Top of Source material

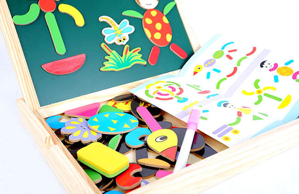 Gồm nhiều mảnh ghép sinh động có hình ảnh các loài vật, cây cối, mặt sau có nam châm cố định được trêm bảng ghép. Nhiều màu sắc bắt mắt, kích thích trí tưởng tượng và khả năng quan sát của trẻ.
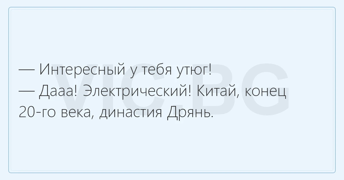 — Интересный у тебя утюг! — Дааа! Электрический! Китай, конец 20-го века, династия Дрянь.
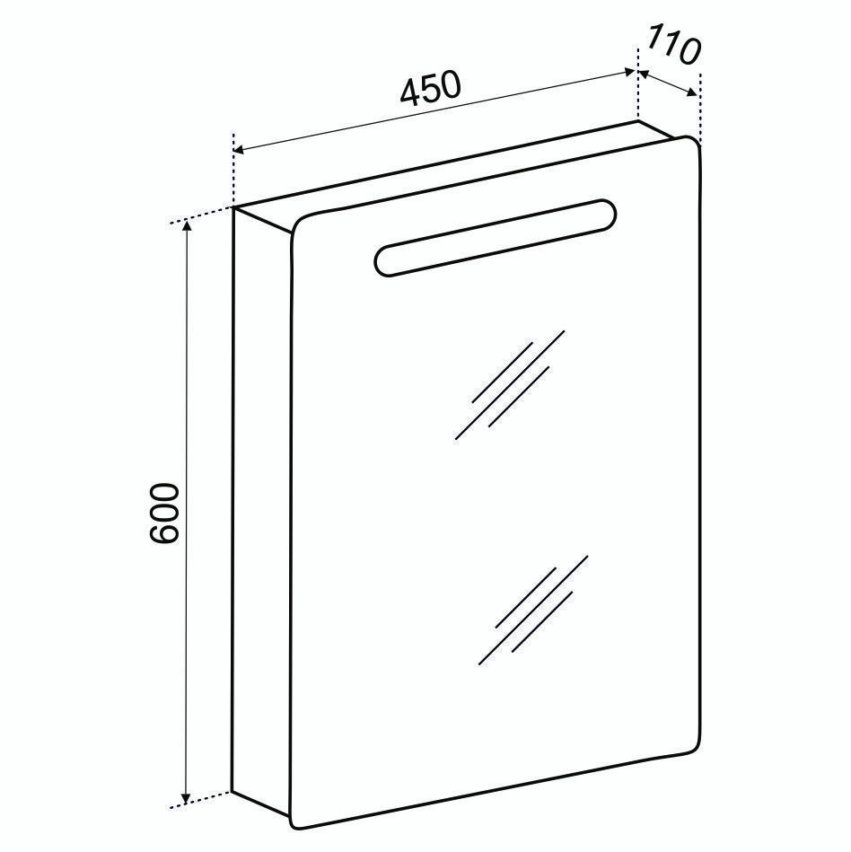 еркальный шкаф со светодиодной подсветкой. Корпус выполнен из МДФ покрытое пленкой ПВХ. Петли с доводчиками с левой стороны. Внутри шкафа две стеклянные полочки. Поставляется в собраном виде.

Bottom of Source material

* Brief:
Reproduce, word for word, the lines from the one containing "века, династия Дрянь." to the end of the material, both ends included. No picture is copied.

* Expected answer:
 — Интересный у тебя утюг! — Дааа! Электрический! Китай, конец 20-го века, династия Дрянь.
 еркальный шкаф со светодиодной подсветкой. Корпус выполнен из МДФ покрытое пленкой ПВХ. Петли с доводчиками с левой стороны. Внутри шкафа две стеклянные полочки. Поставляется в собраном виде.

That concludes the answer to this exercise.